[Exercise brief]:
The answer is a stretch of the material below, returned exactly: the line containing "3529 | 18 €", the line containing "サマー 夏物 8884161447688849", and all lines between.

[Dataset records]:
-*-*-
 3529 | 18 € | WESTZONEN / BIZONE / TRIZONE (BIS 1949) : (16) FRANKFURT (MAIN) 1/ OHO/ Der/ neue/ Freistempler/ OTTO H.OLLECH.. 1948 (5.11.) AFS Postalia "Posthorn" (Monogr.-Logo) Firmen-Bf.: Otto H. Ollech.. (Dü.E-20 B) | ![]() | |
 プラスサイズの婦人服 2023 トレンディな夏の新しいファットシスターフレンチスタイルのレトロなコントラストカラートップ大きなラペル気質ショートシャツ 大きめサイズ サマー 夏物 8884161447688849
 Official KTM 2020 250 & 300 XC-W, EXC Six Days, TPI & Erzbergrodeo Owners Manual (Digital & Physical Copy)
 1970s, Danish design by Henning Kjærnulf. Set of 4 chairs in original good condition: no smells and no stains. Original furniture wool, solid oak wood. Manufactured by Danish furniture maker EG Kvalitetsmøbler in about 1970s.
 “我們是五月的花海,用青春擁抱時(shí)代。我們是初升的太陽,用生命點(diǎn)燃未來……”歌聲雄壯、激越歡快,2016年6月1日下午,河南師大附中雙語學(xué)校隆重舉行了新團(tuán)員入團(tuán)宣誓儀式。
-*-*-
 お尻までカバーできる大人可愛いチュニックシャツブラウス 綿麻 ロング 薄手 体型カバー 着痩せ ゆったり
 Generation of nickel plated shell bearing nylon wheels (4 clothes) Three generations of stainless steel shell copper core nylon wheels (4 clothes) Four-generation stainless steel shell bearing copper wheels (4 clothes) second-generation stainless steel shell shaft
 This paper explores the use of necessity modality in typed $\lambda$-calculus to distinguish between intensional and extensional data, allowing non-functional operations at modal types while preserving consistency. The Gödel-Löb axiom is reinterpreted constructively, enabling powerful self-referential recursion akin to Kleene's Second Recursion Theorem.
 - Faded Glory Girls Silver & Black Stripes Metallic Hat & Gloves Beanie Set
-*-*-
[Response below]:
 3529 | 18 € | WESTZONEN / BIZONE / TRIZONE (BIS 1949) : (16) FRANKFURT (MAIN) 1/ OHO/ Der/ neue/ Freistempler/ OTTO H.OLLECH.. 1948 (5.11.) AFS Postalia "Posthorn" (Monogr.-Logo) Firmen-Bf.: Otto H. Ollech.. (Dü.E-20 B) | ![]() | |
 プラスサイズの婦人服 2023 トレンディな夏の新しいファットシスターフレンチスタイルのレトロなコントラストカラートップ大きなラペル気質ショートシャツ 大きめサイズ サマー 夏物 8884161447688849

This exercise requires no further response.